# Gold is dead - Disaster for Goldies



## georgew (8 November 2006)

*Democrats Win - Gold is finished for good!*

Democrats have won power and now Gold is crashing, crashing, crashing.

Will be back under $200 shortly.

Absolute disaster for all you goldies.

Bush would have made you all rich.

Now you are going to take a bath.

Catastrophe.


----------



## georgew (8 November 2006)

Gold is finished. Will lose at least $50 tonite following Democrat win.

Sell all of your gold shares - they will be wiped out by Christmas and you will lose all your money.

Sell Sell Sell


----------



## doctorj (8 November 2006)

I've merged your two threads.  Normally I'd delete such blatent ramping, but I get a feeling that everyone will enjoy it as much as I did.  I haven't laughed that much since the last time I watched Fox 'News'.

Why make two DIFFERENT threads downramping gold within 4 minutes?  Short gold or just a dellusional republican with a bleeding heart?


----------



## georgew (8 November 2006)

Fox News have confirmed that gold is finished. They are laughing that if you had kept Bush in power you would have made your fortunes but now watch everyone who holds gold shares panick in the next couple of days.

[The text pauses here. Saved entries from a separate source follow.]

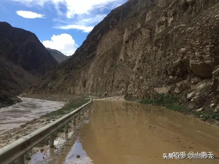 像上图这样山洪暴发把路给淹了的不要太多,不论是车还是人都得蹚水过去,在植被少的地方你最好祈祷不要下雨,有时候一场五分钟的小雨就能引发泥石流把路给堵了。
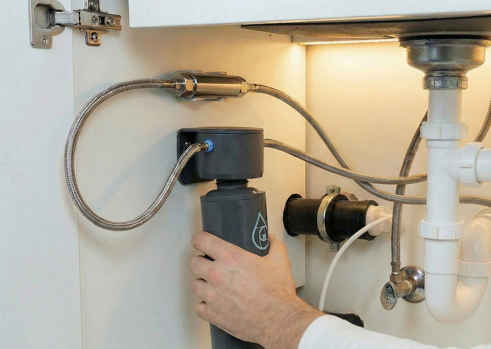 Le nano-drink est un filtre compact sous évier qui débarrasse de manière fiable votre eau potable des substances étrangères telles que les métaux lourds, les microplastiques et les résidus de médicaments. Les minéraux naturels sont préservés. Le système s'installe discrètement sous l'évier et fournit à tout moment de l'eau potable fraîchement filtrée directement au robinet. Idéal pour tous ceux qui apprécient le confort, la qualité et la propreté de l'eau potable au quotidien.
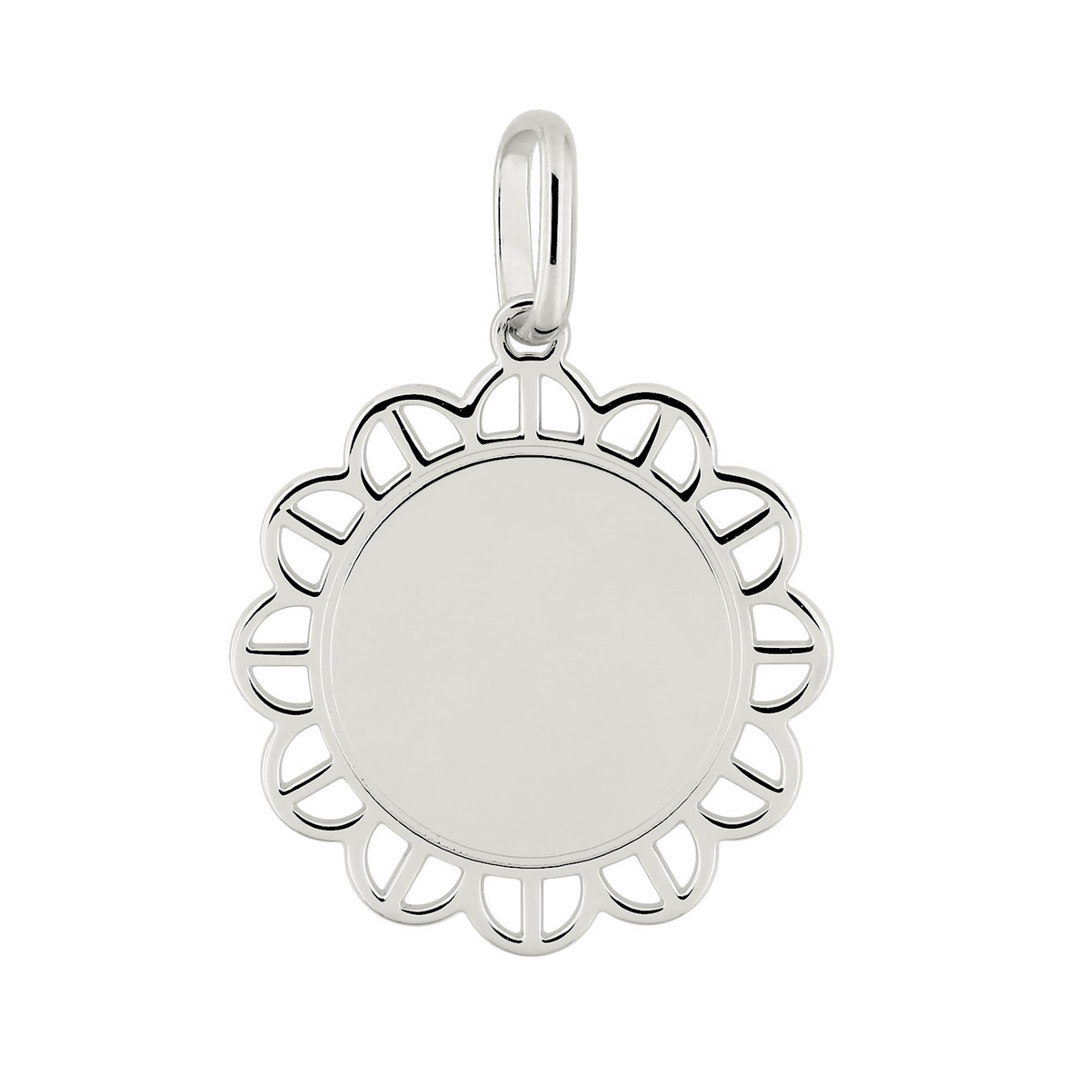 Pendentif en argent 925/000 rhodié. Rond  Adolescent Adulte Femme Fille Gravure Indémodable
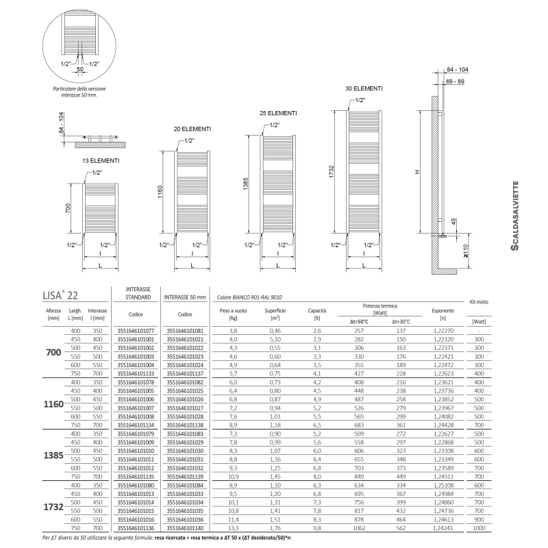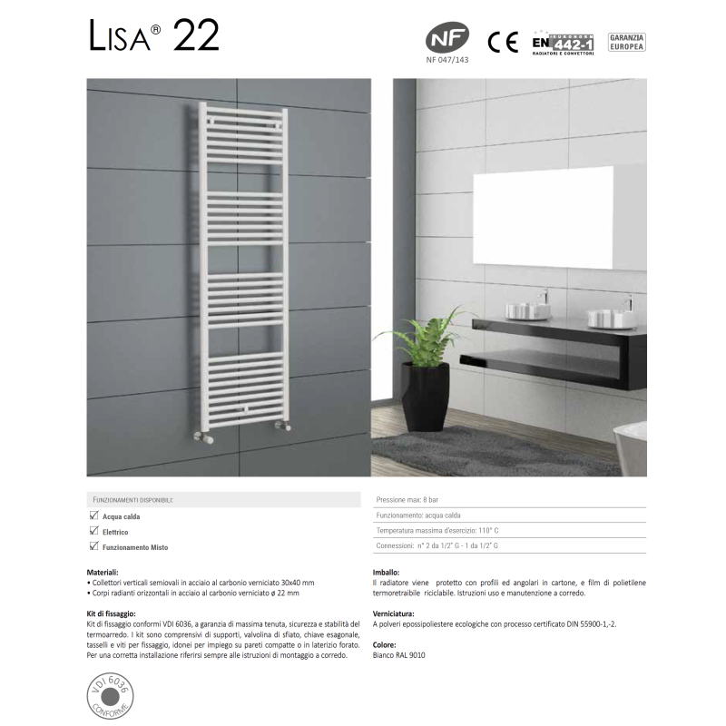 Radiatore Cordivari Lisa 22 550 X 1400 mm Bianco Sistema HVAC
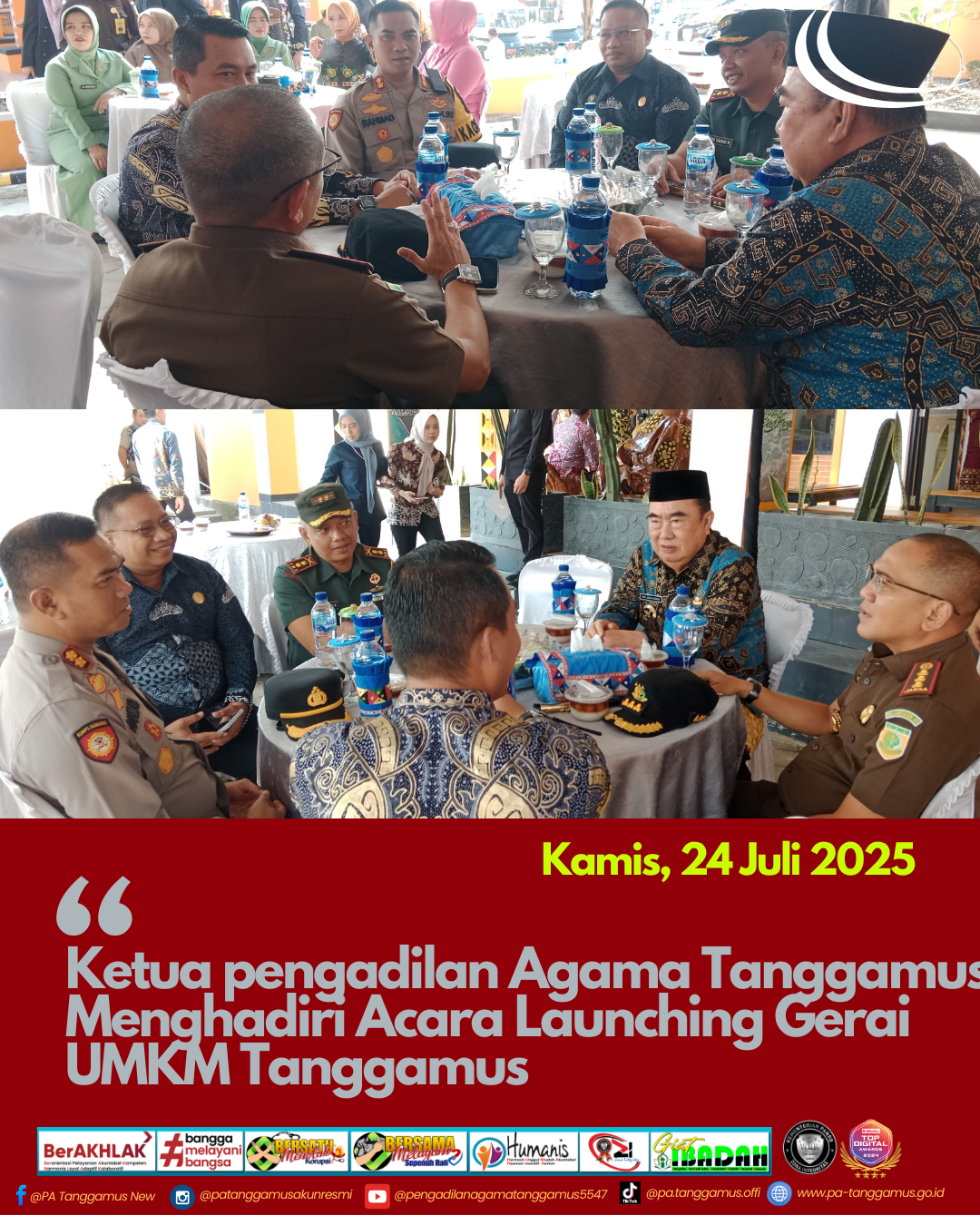 Ketua Pengadilan Agama Tanggamus, Ibrahim Lubis, S.H.I., M.H., menghadiri acara Launching Gerai UMKM Tanggamus yang berlangsung meriah di Rest Area Gisting, pada hari ini. Kegiatan ini merupakan bentuk dukungan nyata terhadap penguatan ekonomi kerakyatan melalui pengembangan Usaha Mikro, Kecil, dan Menengah (UMKM) di Kabupaten Tanggamus.
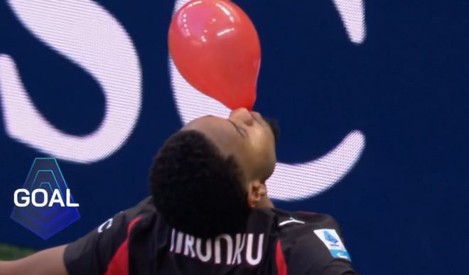 打入意甲处子球之后,米兰球员将恩昆库围起来不断拍打其头部,随后,恩昆库吹起了红色气球,庆祝自己的意甲处子球。

Bull run is now officially finished. The bear is ripping you goldies to shreads.


----------



## pacer (8 November 2006)

All bar NWR....that one can't loose....oops was that a ramp....the new leader in gold grading.....oops again...but it's true......:

PS... georgew....was that you masquerading as 'The Storm' over the last week.....I think it was.....lol


----------



## doctorj (8 November 2006)

Fox News said it, it must be true 

And for the record, Dubya is still "in power" it's just he may actually have to consider his policies a little more carefully to get anything through the house and senate and to give the next, unfortunate, Republican candidate a chance.

I guess it goes to show that even supporters of the right can only take so much.

But since you bring it up, normally the gold price is inversely proportional to world stability and/or inflation.  So if gold does crash, the world markets obviously believe there is hope of a better world after all.


----------



## chops_a_must (9 November 2006)

Oh Noez!

And US stocks are set to tumble!

Gold is down a bit though. Meh.


----------



## wayneL (9 November 2006)

doctorj said:
			
		

> So if gold does crash, the world markets obviously believe there is hope of a better world after all.



Wouldn't that would be nice Doc.  

On that basis, I for one would love to see gold at $200. I'd short the futures too!


----------



## wayneL (9 November 2006)

BTW Gold is absolutely tanking, getting smashed, crashing! Down $6

LOL


----------



## chops_a_must (9 November 2006)

Lol!

Ooop, and up another $2. Looks like it's booming out of control!


----------



## Kauri (9 November 2006)

georgew said:
			
		

> Fox News have confirmed that gold is finished. They are laughing that if you had kept Bush in power you would have made your fortunes but now watch everyone who holds gold shares panick in the next couple of days.
> 
> Bull run is now officially finished. The bear is ripping you goldies to shreads.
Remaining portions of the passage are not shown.